System Design

Below is a system design interview document template you can reuse for almost any problem. It’s written in the same “requirements → architecture → scale math → failure modes → costs” flow interviewers expect

1) Problem Statement

Build <SYSTEM> that allows <USERS> to <DO X> with <KEY CONSTRAINTS> (e.g., near real-time, large scale, compliance, multi-region, etc.).

Out of scope (explicit):

<items> (e.g., admin UI, billing, analytics v2, etc.)

2) Requirements

2.1 Functional Requirements

List what the system must do (user-visible behaviors):

User actions
- Users can <create/update/delete> <entity>
- Users can <search/browse/filter> <entity>
- Users can <upload/download> <assets> (images, documents, videos)
System behaviors
- Validate inputs (schema + business rules)
- Persist data reliably
- Trigger background processing (transcoding, ML, indexing, notifications)
- Provide status tracking (PENDING → PROCESSING → DONE/FAILED)
Notifications
- Notify users via <email/SMS/push/webhook> on events <...>
Admin / Ops
- Observability: dashboards + alerts
- Abuse controls (rate limits, fraud checks)
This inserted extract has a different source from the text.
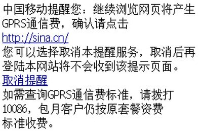 從2007年5月17日起,通過(guò)手機(jī)訪問(wèn)WAP網(wǎng)站,中國(guó)移動(dòng)向用戶(hù)主動(dòng)提供一個(gè)收費(fèi)提示頁(yè)面,提醒用戶(hù)“正在使用手機(jī)上網(wǎng)業(yè)務(wù),若繼續(xù)瀏覽網(wǎng)頁(yè),將會(huì)產(chǎn)生GPRS通信費(fèi)”。但打開(kāi)中國(guó)移動(dòng)夢(mèng)網(wǎng)頁(yè)面,則不會(huì)有上述提示。

2.2 Non-Functional Requirements

Write them as targets (SLOs) + assumptions.

Scale
- DAU: <...>
- Peak RPS: <...> (read/write split)
- Upload volume: <...> GB/day
- Data growth: <...> entities/day
Latency
- P50/P95 API latency targets: e.g., P95 <200ms> for reads; <400ms> for writes
- Background job SLA: e.g., 99% completed within <5 minutes>
High Availability
- Availability target: e.g., 99.9% (or 99.99%)
- Multi-AZ required; multi-region optional/required?
Accuracy / Consistency
- Strong consistency needed for <...> (payments, inventory)
- Eventual consistency acceptable for <...> (feeds, analytics)
Budget
- Monthly ceiling: <$X>
- Cost priorities: compute vs storage vs egress
Security & Compliance
- Auth: OAuth/OIDC/JWT, mTLS for service-to-service
- Encryption: TLS in transit + KMS at rest
- PII handling, audit logs, retention policies
- OWASP, WAF, secrets management

3) System Requirements (What the system must do)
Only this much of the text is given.